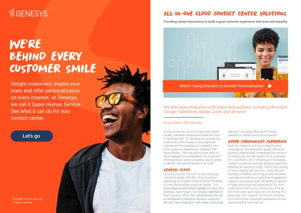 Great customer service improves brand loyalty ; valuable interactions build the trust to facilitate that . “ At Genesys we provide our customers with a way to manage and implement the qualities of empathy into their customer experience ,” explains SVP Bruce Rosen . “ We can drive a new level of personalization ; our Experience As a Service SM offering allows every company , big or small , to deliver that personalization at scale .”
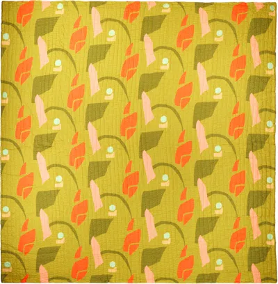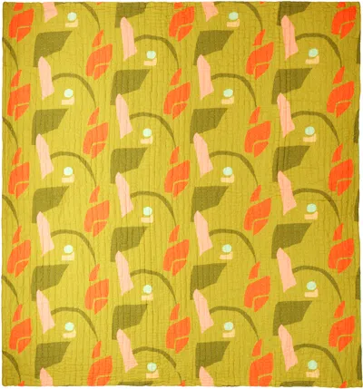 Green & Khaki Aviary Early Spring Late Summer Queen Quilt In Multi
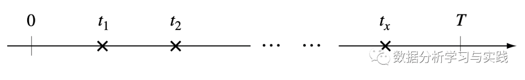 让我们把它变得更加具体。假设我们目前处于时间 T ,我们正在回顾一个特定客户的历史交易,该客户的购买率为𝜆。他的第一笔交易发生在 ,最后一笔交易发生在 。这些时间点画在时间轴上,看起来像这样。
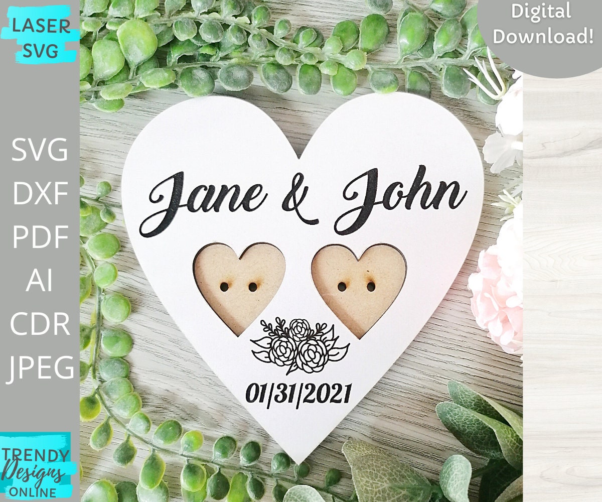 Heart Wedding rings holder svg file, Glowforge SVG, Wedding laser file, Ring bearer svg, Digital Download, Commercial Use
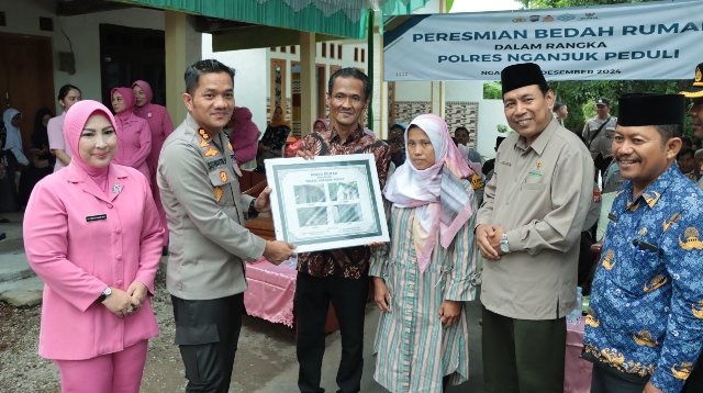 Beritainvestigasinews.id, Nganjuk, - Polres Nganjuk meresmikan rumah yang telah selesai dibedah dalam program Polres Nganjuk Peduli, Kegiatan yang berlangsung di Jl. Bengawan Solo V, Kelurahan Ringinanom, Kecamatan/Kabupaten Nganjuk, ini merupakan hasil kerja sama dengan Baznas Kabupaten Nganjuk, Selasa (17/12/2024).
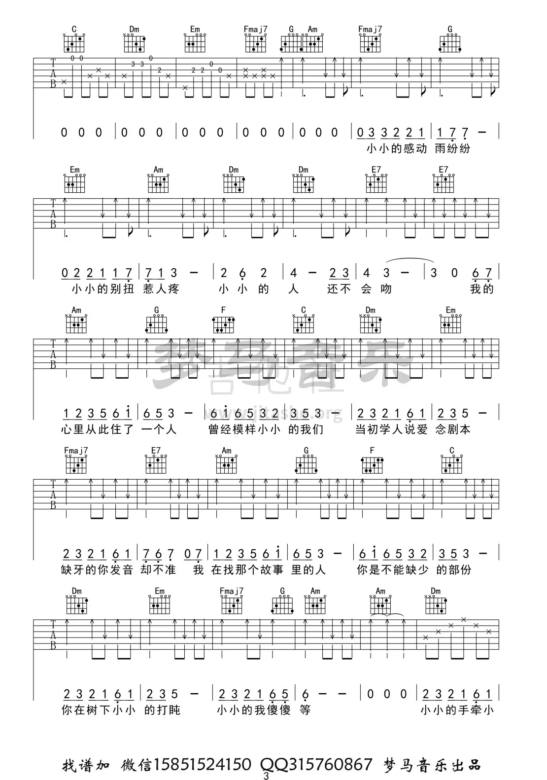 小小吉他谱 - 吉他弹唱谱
#####
* _PROMPT_
Excluding images, output exactly the lines from the one that holds "Green & Khaki" through the final line of the material, both ends included.

* _SOLUTION TO THIS PROBLEM_
 Green & Khaki Aviary Early Spring Late Summer Queen Quilt In Multi
 让我们把它变得更加具体。假设我们目前处于时间 T ,我们正在回顾一个特定客户的历史交易,该客户的购买率为𝜆。他的第一笔交易发生在 ,最后一笔交易发生在 。这些时间点画在时间轴上,看起来像这样。
 Heart Wedding rings holder svg file, Glowforge SVG, Wedding laser file, Ring bearer svg, Digital Download, Commercial Use
 Beritainvestigasinews.id, Nganjuk, - Polres Nganjuk meresmikan rumah yang telah selesai dibedah dalam program Polres Nganjuk Peduli, Kegiatan yang berlangsung di Jl. Bengawan Solo V, Kelurahan Ringinanom, Kecamatan/Kabupaten Nganjuk, ini merupakan hasil kerja sama dengan Baznas Kabupaten Nganjuk, Selasa (17/12/2024).
 小小吉他谱 - 吉他弹唱谱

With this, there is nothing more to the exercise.